There is an answer provided but a proof is not included:

The cubes of $14,15,$ up to $25$ inclusive (twelve in all) add up to... the square of $312.$ The next lowest answer is the five cubes of $25,26,27,28,$ and $29,$ which together equal $315^2.$

My query is more general: Classify all finite sets of consecutive positive integers, the sum of whose cubes is a square. Any idea how we can do this? If no one manages to answer this question, I will accept an answer that shows how Dudeney came to the minimal solutions.

Here are my thoughts on the matter so far: Clearly the sum of first $n$ positive cubes works. The sum of the cubes of $m+1,m+2,\ldots,n$ for positive $n$ and non-negative $m$ is $$(1^3+2^3+\cdots+n^3)-(1^3+2^3+\cdots+m^3) = \left[\frac{n(n+1)}{2}\right]^2-\left[\frac{m(m+1)}{2}\right]^2.$$ If this is equal to a square, it is equivalent to seeking all Pythagorean triples such that at least two of the elements of the triple are triangular numbers. At that point, I tried to use the classification of all (primitive) Pythagorean triples, but that went nowhere.

Answer 1

R. J. Stroeker, On the sum of consecutive cubes being a perfect square, Compositio Mathematica 97: 295-307, 1995, is available at http://www.numdam.org/article/CM_1995__97_1-2_295_0.pdf The abstract reads,

In this paper estimates of linear forms in elliptic logarithms are applied to solve the problem of determining, for given $n\ge2$, all sets of $n$ consecutive cubes adding up to a perfect square. Use is made of a lower bound of linear forms in elliptic logarithms recently obtained by Sinnou David. Complete sets of solutions are provided for all $n$ between $2$ and $50$, and for $n = 98$.

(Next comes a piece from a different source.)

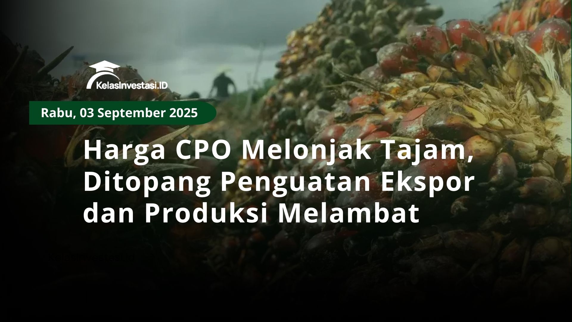 Harga kontrak Crude Palm Oil (CPO) di Bursa Malaysia Derivatives (BMD) ditutup melonjak tajam dalam pada Selasa (2/9/2025). Penguatan itu karena ekspektasi ekspor yang lebih kuat serta pertumbuhan produksi yang melambat.

The author proves that nontrivial solutions exist for all odd values of $n$, which at least shows that there are infinitely many solutions.

The largest numbers that show up in the Stroeker paper are the $49$ cubes starting with $117576^3$, which add up to $282298800^2$.

There is more up-to-date information at https://oeis.org/A253679

Answer 2

Euclid's formula $\quad A=x^2-y^2\quad B=2xy\quad C=x^2+y^2\quad$ is the one most commonly used for generating Pythagorean triples. Your expression

$$\left[\frac{n(n+1)}{2}\right]^2-\left[\frac{m(m+1)}{2}\right]^2$$ is the same as that for generating the A-component above. To find triples for a given side-A, we can solve the A-function for y and test x-values to see which, if any yield integers.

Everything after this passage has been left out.